By default, On-Demand capacity mode can automatically scale up to 200MB/s of write and 400MB/s of read throughput. That is the default limit per account but you can request a limit increase through AWS Support to enable your On-Demand stream to scale up to 1 GB/s write and 2 GB/s read throughput.

According to the information provided in this AWS blog, scaling in on-demand capacity mode occurs at the individual shard level. When the average utilization of an ingest shard reaches 50% (0.5 MB/s or 500 records/s) within a minute, the shard is split into two. If random values are used as partition keys, all stream shards will have event traffic distribution, and scaling will occur simultaneously across all shards. Depending on the number of shards being scaled, it can take up to 15 minutes to split the shards.

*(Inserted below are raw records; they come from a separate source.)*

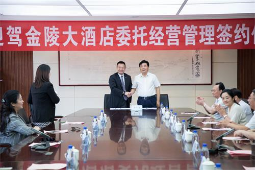 8月18日,迎驾金陵大酒店委托经营管理签约仪式在安徽迎驾集团隆重举行。霍山县委副书记苏昊,集团公司领导倪永培、程培华、丁保忠、张丹丹、杨照兵,南京金陵酒店管理有限公司总裁李成勇、副总裁王宇纯等出席签约仪式。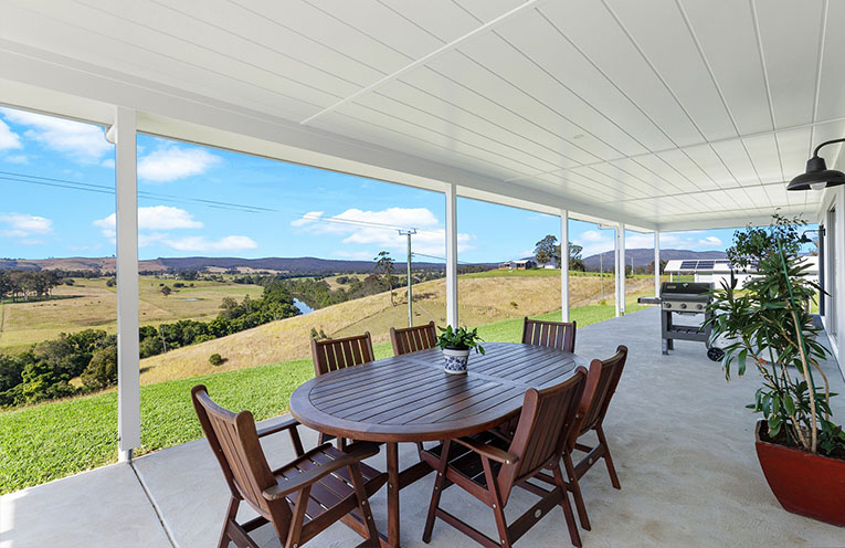 Beyond, the dining and entertainment areas open to a 4m wide, 20m long covered alfresco patio with beautiful property, river, and distant views.
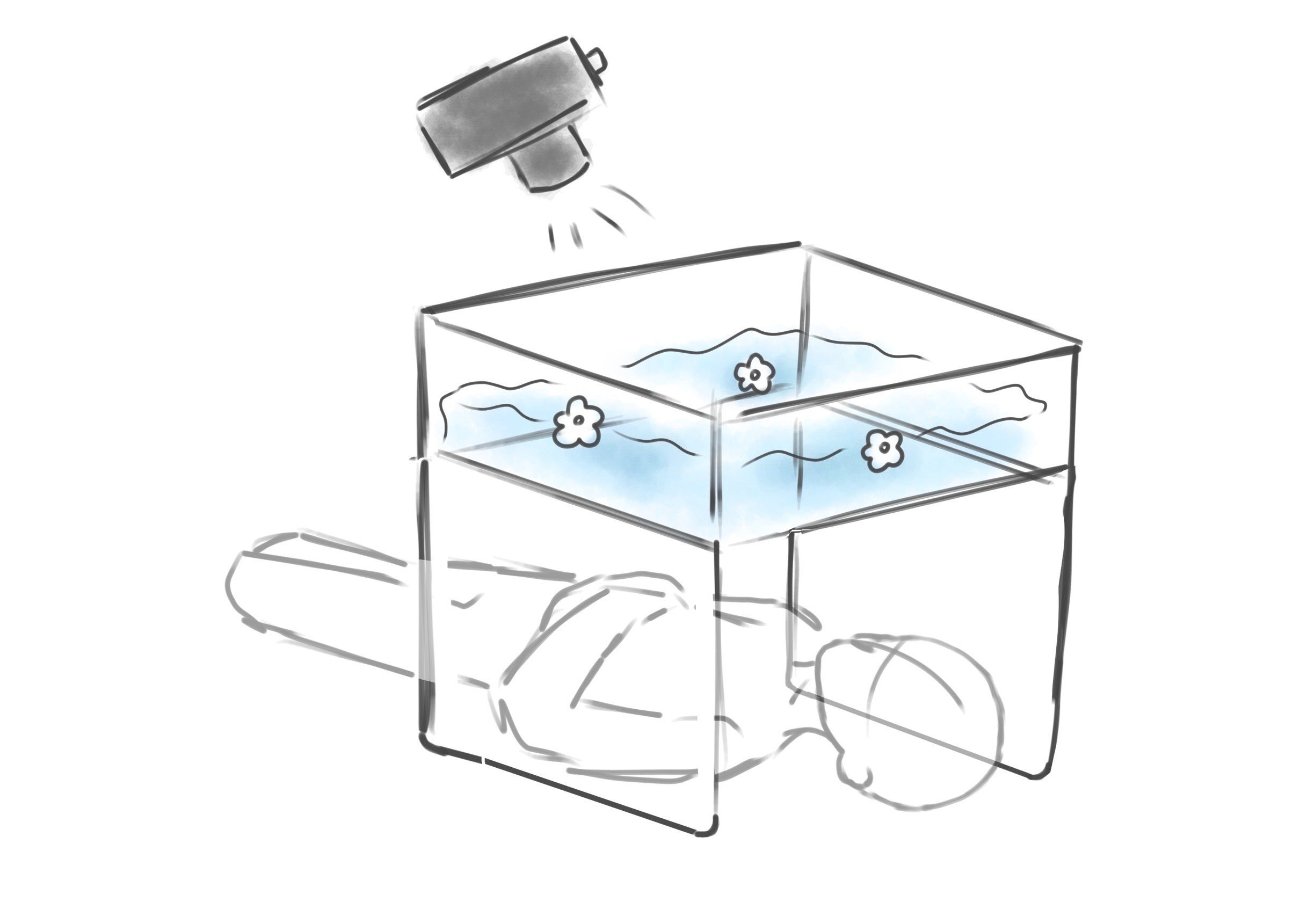備品のご希望として以前よりご要望の件数が多かった【水槽】の使用イメージイラストです。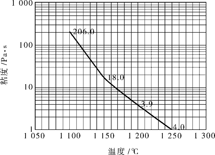 經(jīng)過試驗,向試驗煤樣中加入當(dāng)?shù)厣衬械纳匙舆M(jìn)行堿酸比例的調(diào)整。通過試驗可知,當(dāng)向試驗煤樣中加入相當(dāng)于煤灰分40%的沙子時,煤的粘溫特性得到了改善,灰熔點同時也得到了降低,粘溫特性如圖1。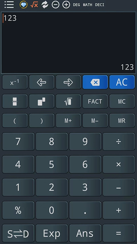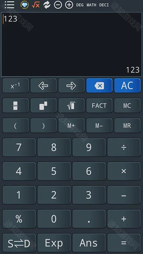 1、用户在本站获取卡西欧计算器应用后,在手机上完成安装并打开该应用,进入计算页面后进行除法运算时,只需按下键盘上的小数/分数切换键(即下图红色方框标注的区域)即可。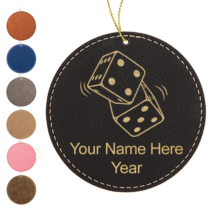 LaserGram Christmas Ornament, Pair of Dice, Personalized Engraving Included (Faux Leather, Round Shape)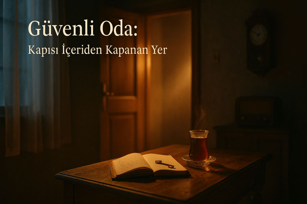 Gel, şöyle kapıyı hafifçe çek; gıcırdasın biraz, dursun ses. İçeri buyur. Ayakkabıları kapının yanına bırak, masanın üstündeki küçük paslı anahtarı görüyorsun ya—onu eline al; sıcaklığı sende kalsın. Kettle çoktan düdük öttürdü, iki ince belli bardağa çay koydum. Bu yazı öyle aceleye gelmeyecek; dumanı tüterken konuşacağız. Tamam mı? Çünkü “güvenli oda” dediğim şey, panik anlarında saklanılan beton bir sığınak değildir; daha çok, içeriden kilitlenen bir dikkat, nazikçe kapatılmış bir parantez, kendi kendine “şimdilik yeter” deme becerisidir. Ve evet, antika kokar biraz: ceviz bir masa, mürekkep lekeli bir defter, köşede hımbıl bir duvar saati… Zaman burada ağır aksak yürür; dışarıdaki hız buraya ayakkabıları çamurlu giremez.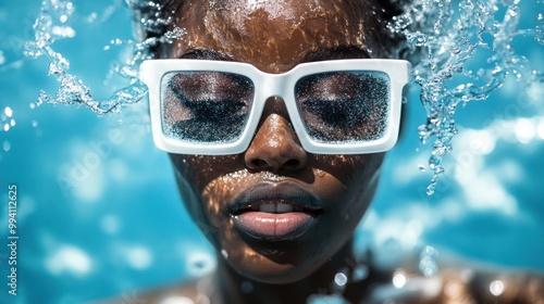 © GoodandEvil, Fototapeta premium White glasses and water splashing around the person’s head

As the load increases, Kinesis Data Streams adjusts the number of shards in the stream by monitoring the ingest throughput at the shard level. Nevertheless, under certain circumstances, producers might encounter “WriteThroughputExceeded” and “Rate Exceeded” errors, even when operating in on-demand capacity mode. According to AWS documentation, you may encounter "ProvisionedThroughputExceeded" exceptions if your traffic increases by more than double the previous peak within a 15-minute window. Further information on various scaling scenarios can be found here.

Load Generator app

I aimed to replicate the scenario of multiple producers sending data to the stream, and to achieve this, I developed a data streaming application for load generation. This application is built with Lambda functions serving as producers, utilizing Kinesis Data Streams with on-demand capacity, and Lambda functions as consumers. For a deeper understanding of the setup, you can refer to the specifics outlined in my earlier publication.

To generate the load, an additional Lambda function called the Producer Orchestrator has been introduced. This Orchestrator function is configured to accept three parameters: the duration of the load in milliseconds, the number of producers, and the number of records each producer will push to the Data Streams service. Depending on the specified number of producers, multiple instances of Lambda producers will be created. To ensure the data to be evenly distributed across the shards, a unique partition key is assigned to each record.

The code for the app can be found here.


As previously mentioned, scaling occurs when the average ingest shard utilization reaches 50% (equivalent to 0.5 MB/s or 500 records/s) within a minute. To initiate the testing, I began with a small load to align with the initial capacity of the stream, set at 4MB/s of write throughput. Initially, I started with 4 producers, each generating 1K records and then reached 80 producers with 6K records each. As the load increased, the number of shards scaled rapidly, reaching 12, 28, 60, 96, and ultimately 100 shards. This scaling was triggered by a brief surge in load lasting only a minute or two. My objective was to observe the scaling process, hence the load increase was not gradual, resulting in some records being throttled.


The testing conducted on scaling scenarios in Kinesis Data Streams revealed that scaling occurs swiftly when the average ingest shard utilization reaches the predefined threshold. The stream's capacity quickly adapted, with the number of shards increasing significantly in response to increased load. Even a brief (around 1 minute) surge in load triggered scaling actions, demonstrating the auto scaling capability of Kinesis Data Streams.